Associer parents, société civile…
La question des bulletins ne concerne pas seulement l’administration. Elle touche directement les familles. C’est pourquoi les associations de parents doivent être associées à la communication. Leur implication peut contribuer à éviter les malentendus et à renforcer l’acceptabilité de la solution retenue.
La société civile, les leaders d’opinion et les acteurs éducatifs peuvent également jouer un rôle utile. Non pas pour défendre aveuglément une décision administrative, mais pour aider à poser le débat sur de bonnes bases : comment garantir à chaque élève un bulletin valide dans un contexte de contrainte matérielle ? Le débat doit donc être ouvert, mais responsable.
Privilégier l’intérêt de l’élève
Au regard de la situation, des voix s’élèvent pour recommander le recours à une stratégie minimale qui devrait être déployée autour de quatre actions. D’une part. L’on s’attend à voir l’autorité compétente publier une communication officielle expliquant la situation, les causes du retard et les solutions envisagées.
Ensuite, les chefs d’établissements doivent être briefés afin de disposer d’une même lecture de la situation et d’un même message à transmettre aux parents.

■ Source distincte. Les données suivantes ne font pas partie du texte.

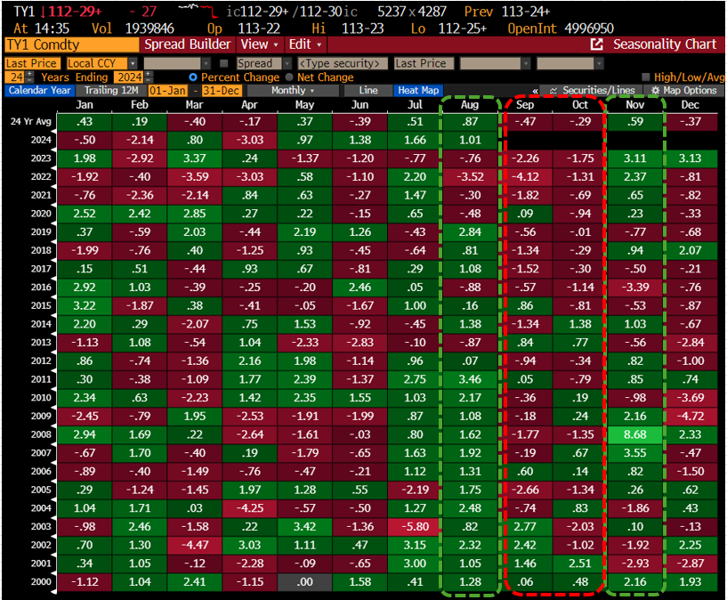 It is also worth looking at the seasonality of TY1 since 2000- in August, Sept, Oct ,Nov

Les parents, quant à eux, sont tenus d’être informés par les canaux habituels (réunions scolaires, communiqués, messages des écoles, radios, plateformes numériques, associations de parents…) avant la clôture...
Ils peuvent comprendre qu’un marché soit perturbé, qu’une solution transitoire soit adoptée, qu’un bulletin soit imprimé sur un support différent, si on leur garantit son authenticité et sa validité.
Ce qu’ils accepteront difficilement, c’est d’être placés devant le fait accompli, à quelques jours de la clôture, sans explication officielle.
A un mois de la fin de l’année scolaire, l’administration scolaire, la tutelle, l‘Inspection de l‘Education Nationale, les gestionnaires, les chefs d’établissements, les associations de parents et la société civile doivent se parler rapidement. La question des bulletins ne doit pas être abandonnée aux rumeurs, aux inquiétudes et aux interprétations contradictoires.
Si une solution exceptionnelle doit être adoptée, elle doit être annoncée clairement. Si le recours au carton blanc est nécessaire, il doit être expliqué comme une mesure temporaire et sécurisée. Si des retards sont constatés, ils doivent être reconnus et accompagnés d’un calendrier crédible.
L’année scolaire ne doit pas s’achever dans l’incertitude. Les élèves ont droit à leurs bulletins. Les parents ont droit à une information claire. Les écoles ont droit à des orientations précises. L’administration a le devoir d’anticiper. Le temps n’est plus aux hésitations.